Segment Start: SOURCE DATA

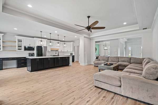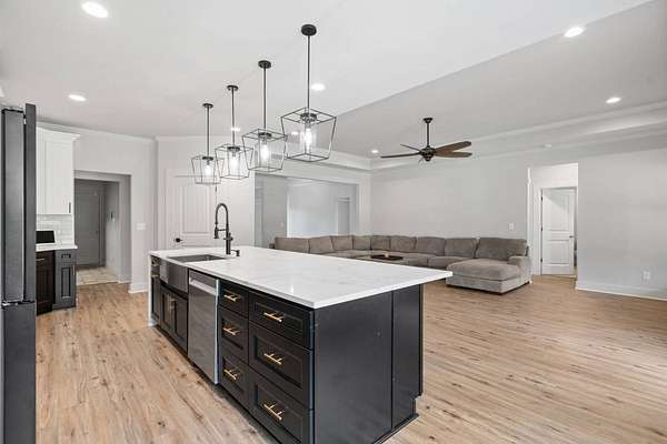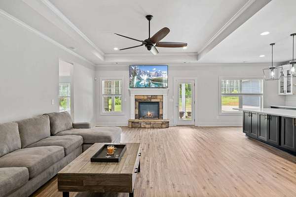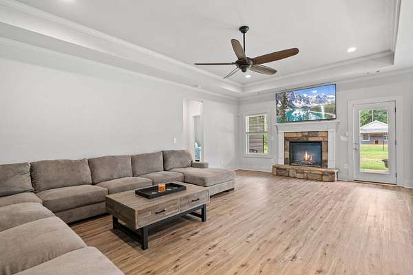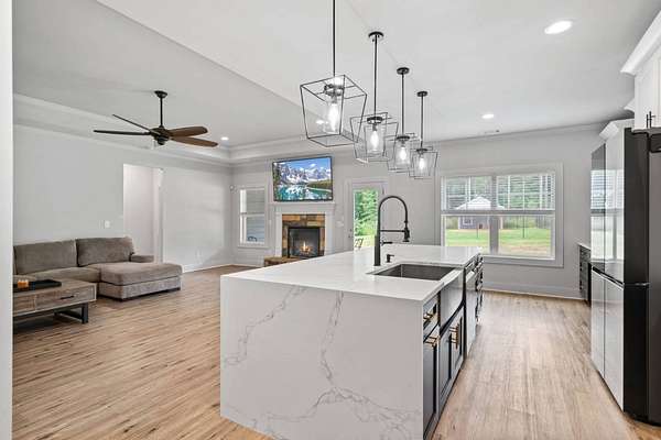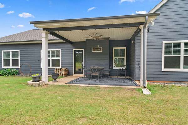 BUY THIS HOME FOR AS LITTLE AS $5,150 DOWN PAYMENT! SPECIAL 5.25% INTEREST RATE FOR Those who qualify! BUY THIS HOME & WE'LL BUY YOURS!* $10,000 TOWARDS BUYERS CLOSING COSTS w/Preferred Lender! STUNNING CUSTOM FINISHED 4BR/3BA L U X U R Y HOME on Nearly 2 Acres of PRIVATE, PRISTINE Land! Built at theend of 2019, this Home offers the PERFECT COMBINATION of MODERN LUXURY and THOUGHTFUL DESIGN. BUILT IN EQUITY $$$ because theSeller has added around $150,000 Worth of Upgrades. From the moment you step onto your EXQUISITE Covered Front Porch, Youwill FEEL the CHARM & WARMTH that this One of a KIND Property offers. You are Welcomed by Soaring Ceilings, Custom Lighting throughout, Brand NEW LVP Flooring, and an OPEN and INVITING Floorplanthat FLOWS Seamlessly. NEW CARPET, NEW (Interior & Exterior) PAINT, 6" Upgraded Baseboards , NEW WINDOWS & Hardwired LANDSCAPE LIGHTS Leave You WANTING FOR NOTHING~~The DESIGNER CHEF'S KITCHEN is truly the DIVINE STATEMENT that you've ALWAYS Dreamed of Having in a Home. Featuring a BREATHTAKING 13-FOOT TOP OF THE LINE WHITE QUARTZ W A T E R F A L L ISLAND, PREMIUM GRADE TAILOR-MADE CABINETRY, EXQUISITE Gold Fixtures, DESIGNER Pendant lighting, and CUSTOM Built In BAR Cabinets!!, The Kitchen Opens to the HUGE Family Room and boasts a COZY Fireplace, Creating the PERFECT Space for Entertaining. Private DINING ROOM Speaks Volumes in Sophistication. The Owner's Suite w/Double Tray Ceiling is a RETREAT in itself. SPA INSPIRED En SuiteFlaunts Floor to Ceiling TILED Shower, Soaking Tub, and Oversized Walk-In Closet. The Split-Bedroom layout is IDEAL for Multi-Generational Living. Step Outside to your PRIVATE BACKYARD OASIS. A CUSTOM MADE DETACHED LUXURY BARN/GARAGE is Fully Equipped with Heating, Air, Electricity and Plumbing!! MODERN Upgrades inside include LVP Flooring and Ceiling Fan - PERFECT for a WORKSHOP, MAN CAVE or SHE SHED!! A SECOND Detached Structure w/PLUMBING & ELECTRICITY Offers even more Flexibility for Your Animals or ANY Creative Use that Your Heart Desires. This home is a RARE FIND - Offering Land, Luxury, and Endless Opportunities ALL IN ONE. NO HOA! 24 MONTH BUY BACK GUARANTEE FOR ALL VIP BUYERS!
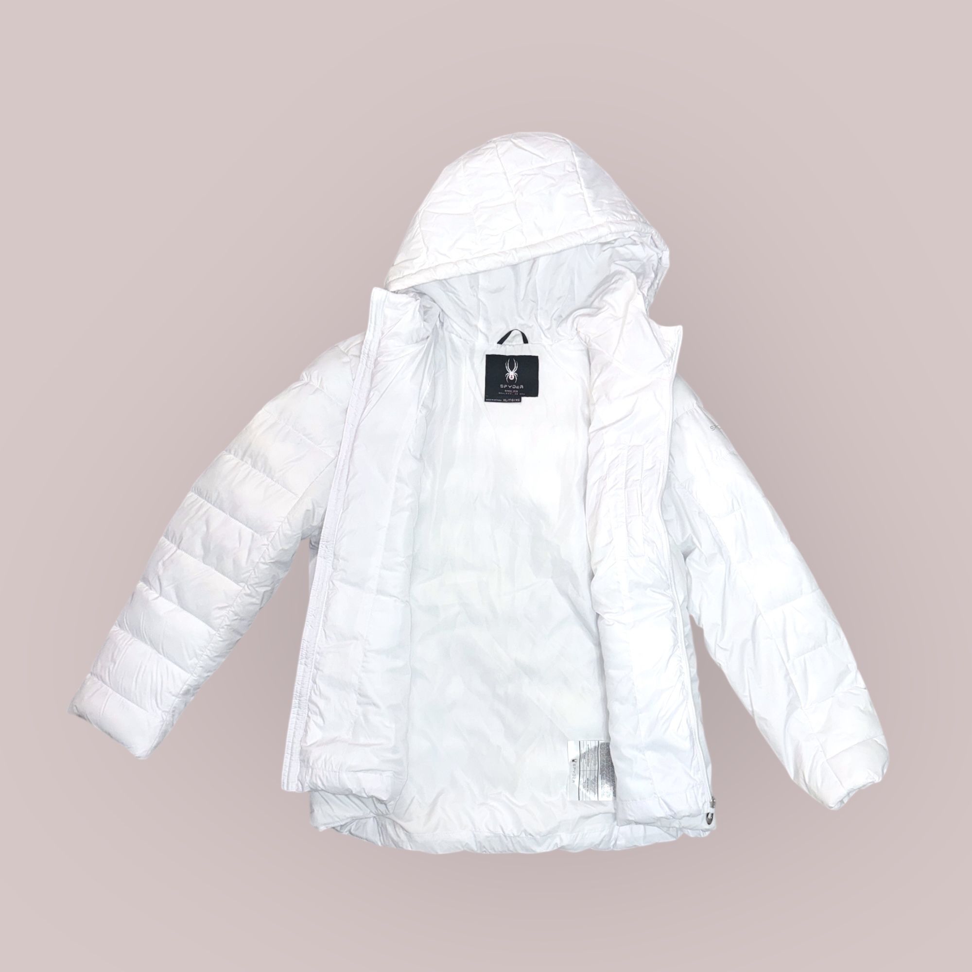 Condition: New with tags Brand: Spyder Name: Spyder Women's Clara Short Puffer Hooded Full Zip Jacket Model: SPFFM025-100 Size: XL Color: White
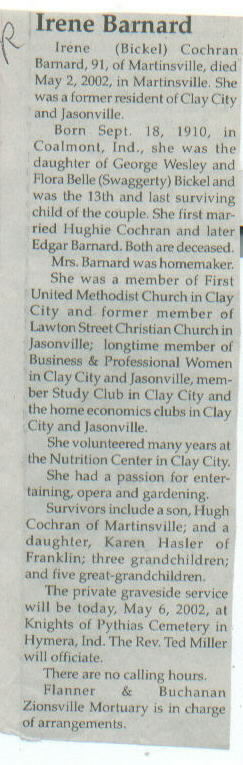 Survived By Son, Hugh Cochran; daughter, Karen Hasler; 3 grandchildren; 5 great-grandchildren.
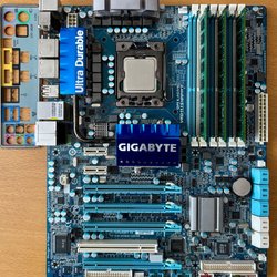 Gigabyte GA-X58A-UD3R moderkort tillsammans med en Intel Xeon X5675, 18gb DDR3, I/O-plåten medföljer. Fullt fungerande.

Segment End: SOURCE DATA

§ **WHAT THE TASK REQUIRES**
The result is an exact copy of the lines from the one holding "Survived By Son, Hugh" through the final line of the data above, both ends included, minus the pictures.

§ **EXPECTED ANSWER**
 Survived By Son, Hugh Cochran; daughter, Karen Hasler; 3 grandchildren; 5 great-grandchildren.
 Gigabyte GA-X58A-UD3R moderkort tillsammans med en Intel Xeon X5675, 18gb DDR3, I/O-plåten medföljer. Fullt fungerande.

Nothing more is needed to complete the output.